AMA: Launched 3 ML startups in 2022 & scaled to $200k ARR.

Hi Indies👋,

I'm an entrepreneur and ML researcher.

As most of you are aware, machine learning (ML) has made incredible leaps forward in the last year. With everything from large language models (GPT-3), visual diffusion models (DALL-E, SD), and gameplay (Pluribus, Cicero).

There are infinite options for indies to apply ML to niche problems and create a thriving business.

I've done this 3 times over the last year, with 2 successful products and 1 meh.

My products have niched down into:

  • US Healthcare
  • SEO Content Creation
  • Business Planning

Models I've taken to market:

  • Cutting-edge image classification and object detection in the browser
  • Fine-tuned NLP models
  • xgboost decision trees
  • Custom digit classification (DNN OCR)
  • Wide-and-deep recommender systems
  • SD Image creation
  • Diffusion Video model
  • Video Lip Sync Model

Thinking about automating something with ML? Want to know how ML can help your business? Not sure what algorithm to experiment with? or where to get enough data?

Ask me. :)

  1. 2

    Wow 200k ARR, well done! So many questions :)

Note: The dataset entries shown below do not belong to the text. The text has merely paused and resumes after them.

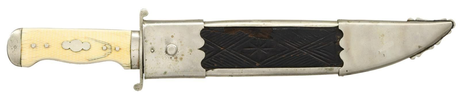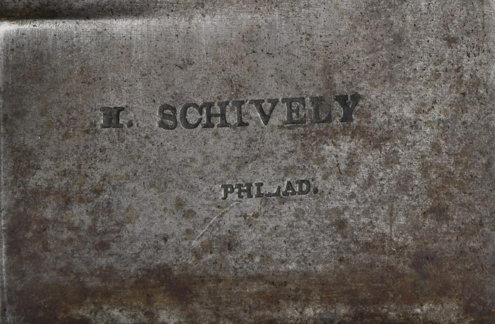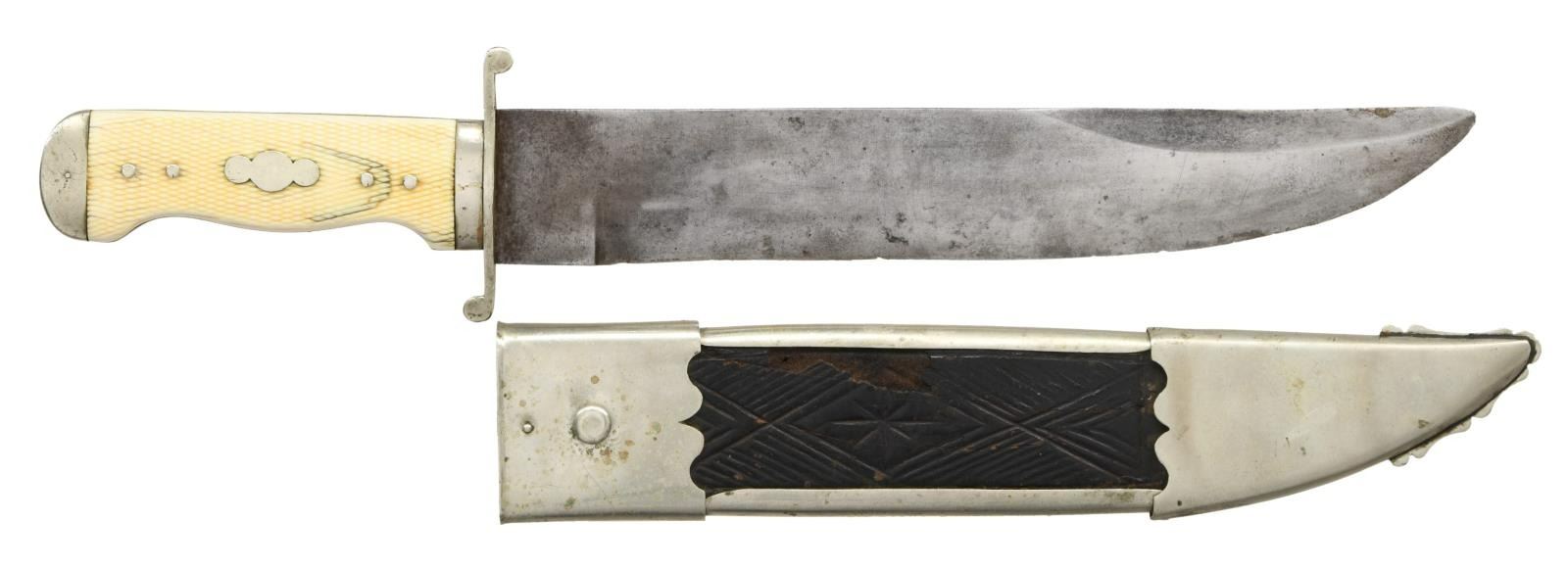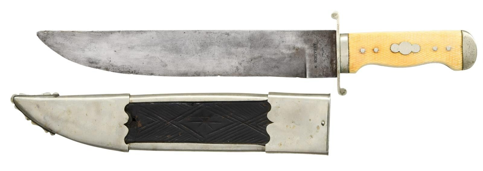 Many collectors and historians believe that Henry Schively made one of the first Bowie knives for Jim & Rezin Bowie during their visit to Philadelphia in August of 1832 based on Bowie's design. "H. SCHIVELY / PHILAD" stamped on ricasso, 10.75" blade, 1-3/4" wide, .23" thick. German silver mounted, 3" S-shaped crossguard, checkered ivory slab grips retained by German silver pins and two vacant sculpted escutcheons on either side. A unique feature of these big Schively bowies is the flat cutler grind on one side of blade from ricasso to point, and the reverse side with a distinct, sharpened 5" false edge giving the appearance of a clipped point. Sheath is unique to Schively, large German silver throat with frog button & tip with moldings at point, two German silver supports attach the mounts along the edges. The German silver mounts wrap around a tooled black leather body. This is a good example of only 12 documented survivors by the most famous Jim & Rezin Bowie associated cutler. CONDITION: very good overall. Blade has smooth gray iron patina, crisp makers mark, a few small nicks in cutting edge, point is blunted. German silver on grip and sheath retain traces of silver plate. (02-21016/JS). $40,000-60,000.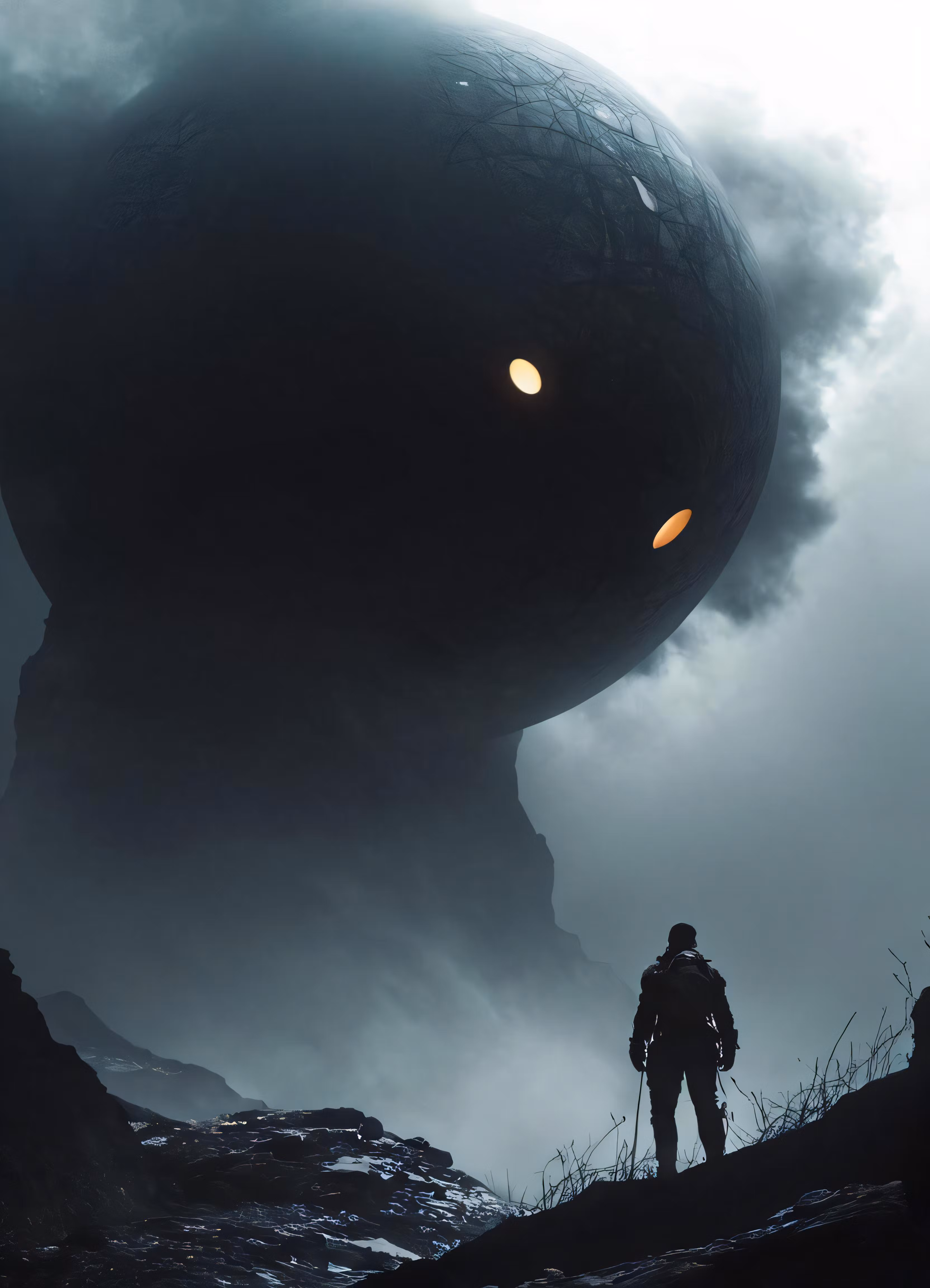 High resolution picture, free to use, a person is standing on a hill in front of a giant alien creature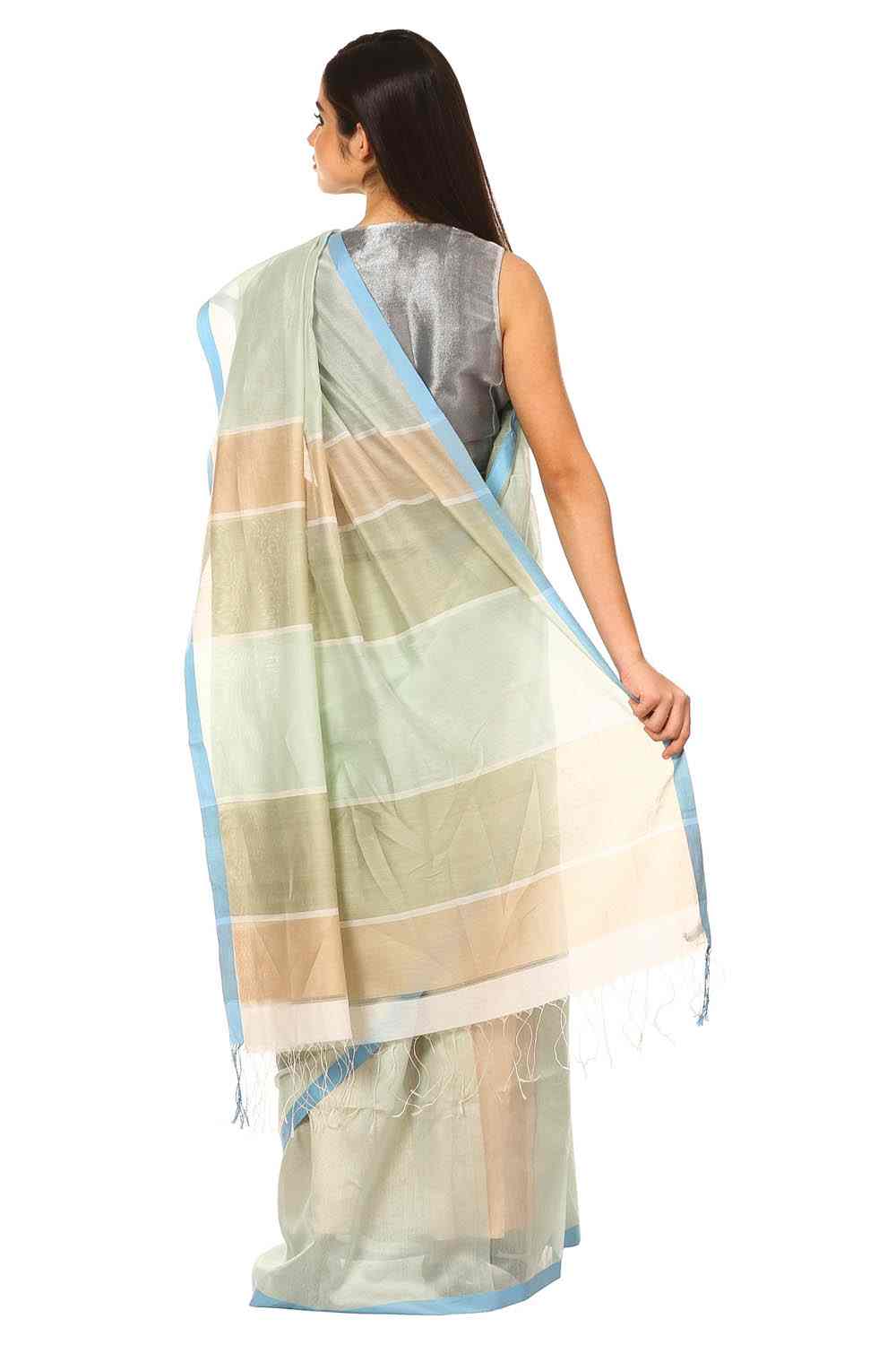 Handwoven Maheshwari Silk Cotton Saree. Exclusively Handwoven Silk Cotton Maheshwari Saree With All Over Woven Stripes
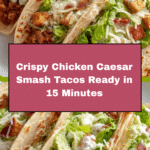 Crispy, juicy Chicken Caesar Smash Tacos combine seasoned ground chicken cooked directly on small flour tortillas for a golden crispy base, topped with fresh romaine lettuce, creamy Caesar dressing, grated parmesan, and crunchy bacon bits. Ready in under 15 minutes, these tacos make a quick, satisfying dinner perfect for busy weeknights.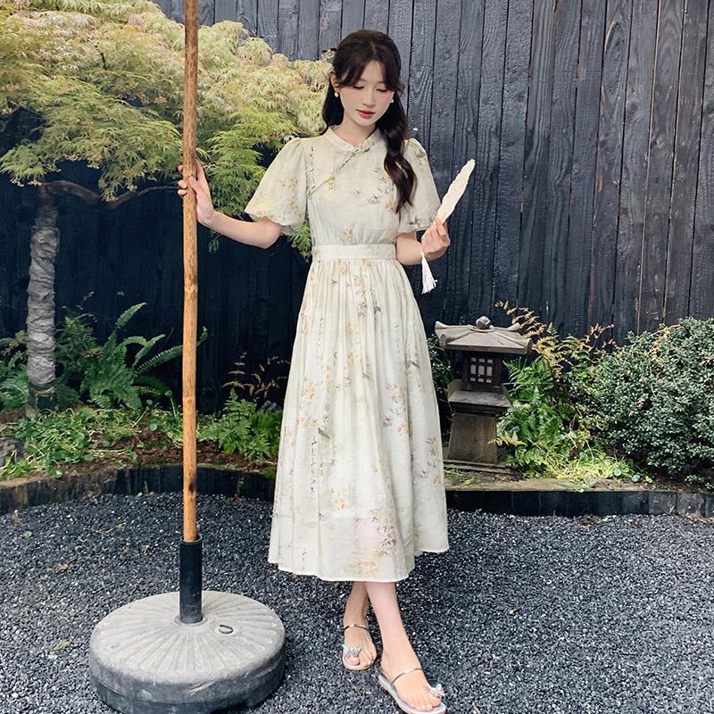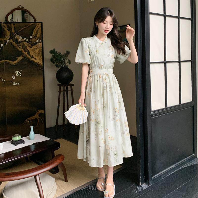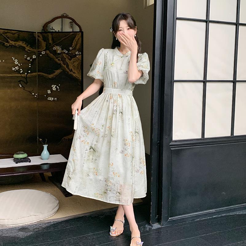 New Chinese Style National Style dress Women's Summer 2024 New Arrival Buckle Elegant Cool Sense Elegant Slimming Modified Cheongsam Dress
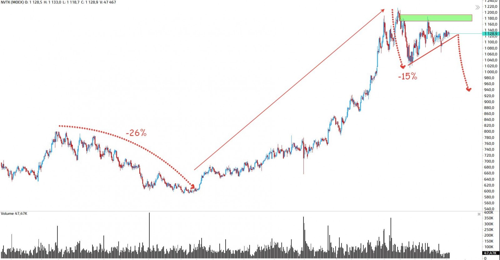 Тут мы в фазе отката, пока не завершенной, видимо бумага ждёт того, что случится с нефтью в ближайшее время.

    Is that $0 to $200k in one year?

    Are these data products or services you're offering? I'm curious, you've given the market, but I'm wondering if this is a B2B sale or more business to enterprise? Maybe both?

    1. 3

      Hi @OrionSeven,

      I did some dev work last year on the healthcare product and closed one small deal. The vast majority of dev work and sales occurred in the last year.

      These are service products, I think it would be hard to have a defensible data product as an indie.

      It is a mix of B2B and B2Enterprise sales.

      I do keep accidentally building products that provide orders of magnitude more value to larger companies.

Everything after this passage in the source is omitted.